Bij elektrische aansluiting aan het voedingsnet
moet in de stroomkring een alpolige
scheidingsinstallatie (alpolige schakelaar of
alpolige leidingsbeschermschakelaar
(zekering) met tenminste 3 mm
contactopeningsgrootte worden ingebouwd.
Stroomkringscheiding: LS-schakelaar 16 A,
karakteristiek B, C en D volgens EN 60898
Een elektrische aansluiting aan de
voedingsspanning d.m.v. stekker
met randaarde of CCE-stekker is
niet toegestaan.
9.1 Gegevens van de aansluitkabels
100–110 V / 230 V / 400 V aansluitkabel
(netaansluiting, vast):
• NYM-J 3 x 1,5 mm² / 5 x 1,5 mm²
100–110 V / 230 V / 400 V aansluitkabel
(netaansluiting, flexibel):
voor het verbinden van de afzuigunit met de
stuurkast of de aansluitdoos dient een PVC-
slang:
H05 VV-F 5G1,5 mm² / 5G1,5 mm²
of een rubberslang:
H05 RN-F 3G1,5 mm² / 5G1,5 mm²,
H05 RN-F 3G1,5 mm² / 5G1,5 mm²,
gebruikt te worden.
Bij aansluiting van de VS 300 S hoeft de
diameter slechts 1 mm² te bedragen.
24 V stuurkabel, VS 600 + VS 900
lage spanning voor:
• slangenhouder
• plaatskeuzeventiel
• spittoonklep
Vaste leiding: (N)YM (St)-J 4 x 1,5 mm²
afgeschermde mantelleiding.
Flexibele leiding: PVC-datakabel LiYCY 4 x
1,0 mm² met afgeschermde mantel voor
telecommunicatie- en informatieverwerkings-
installaties of lichte PVC-stuurkabel met
afgeschermde mantel.
18
24 V Bedieningsleiding voor VS 300 S
Flexibele aanleg: PVC-dataleiding
LiYY 3 x 0,5 mm²
Best-nr. 9000-118-83
9.2 Stuurkast (VS 600 + VS 900)
De afzuigunits kunnen worden aangesloten via
een stuurkast, die bij sommige types wordt
meegeleverd.

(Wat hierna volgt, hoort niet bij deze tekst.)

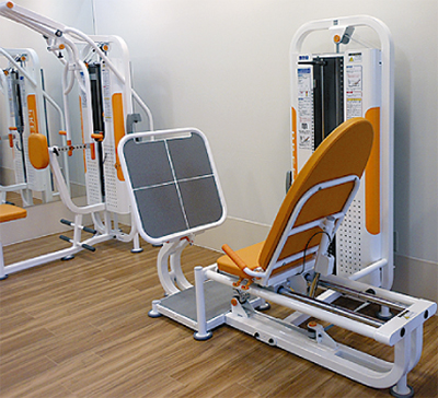 専門職員と介護・看護職員の連携により、入居者一人ひとりの身体の状態に合わせた個別リハビリを通して、健やかな暮らしをサポート。また、認知症に対応する「グループリハビリ」や、マシントレーニングも可能な「介護度進行予防運動」も実施している。

Bij afzuigunits die standaard
zonder stuurkast worden geleverd, is deze als
optie verkrijgbaar. De benodigde aansluit- en
schakelschema's zijn te vinden in de
montagehandleiding/gebruiksaanwijzing van
de stuurkast.
9.3 Aansluitingen in de
motorklemkast (VS 600 + VS 900)
Spanningsvoorziening van de bedieningskast
die loopt naar de betreffende klemmen in de
motorklemkast, aansluiten. De
aansluitschema's en schakelschema's
hiervoor, bevinden zich in de montage- en
gebruikshandleiding van de bedieningskast.